Seaborn

Seaborn is a Python library built on top of Matplotlib. It’s great for exploring data because it works well with pandas DataFrames and includes built-in themes and statistical plotting options like scatterplots, boxplots, and heatmaps!

In this document, we will:

  • Create different types of visualizations, including bar plots, scatterplots, boxplots histograms, and heatmaps.

  • Modify axis labels, titles, and other graph elements to improve readability.

  • Explore dataset preparation techniques, including handling missing values and filtering data.

  • Analyze trends and patterns in the data by applying various Seaborn visualization techniques.
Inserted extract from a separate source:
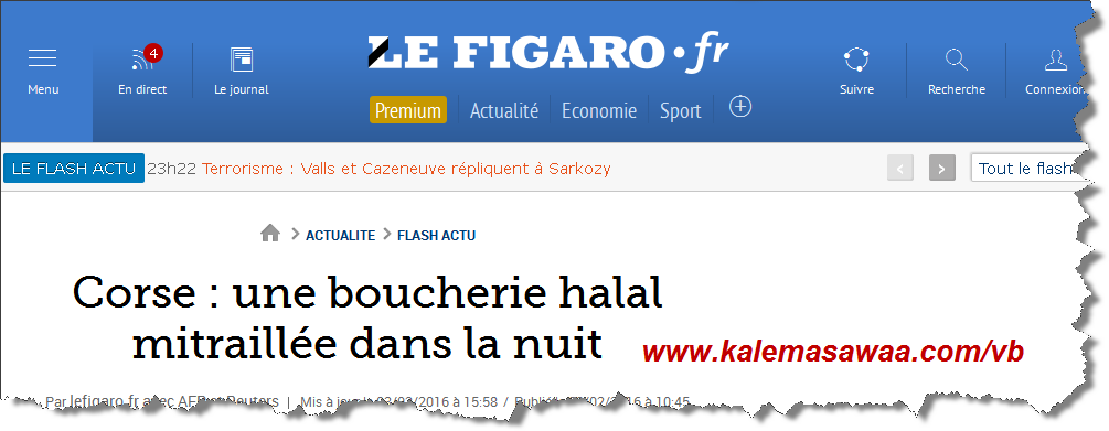 بكورسيكا ، بواسطة مدفع رشاش ، إرهابيون يقومون بإطلاق النّار على محلّ جزارة في ملكية شخص مسلم :

Understanding the Data Prior to Plotting

Just as we did when learning plotly, we will use the following dataset(s) to understand seaborn:

/anvil/projects/tdm/data/zillow/Metro_time_series.csv

Let’s review the dataset’s columns to identify which ones might be suitable for creating a plot. We will use the .columns function again.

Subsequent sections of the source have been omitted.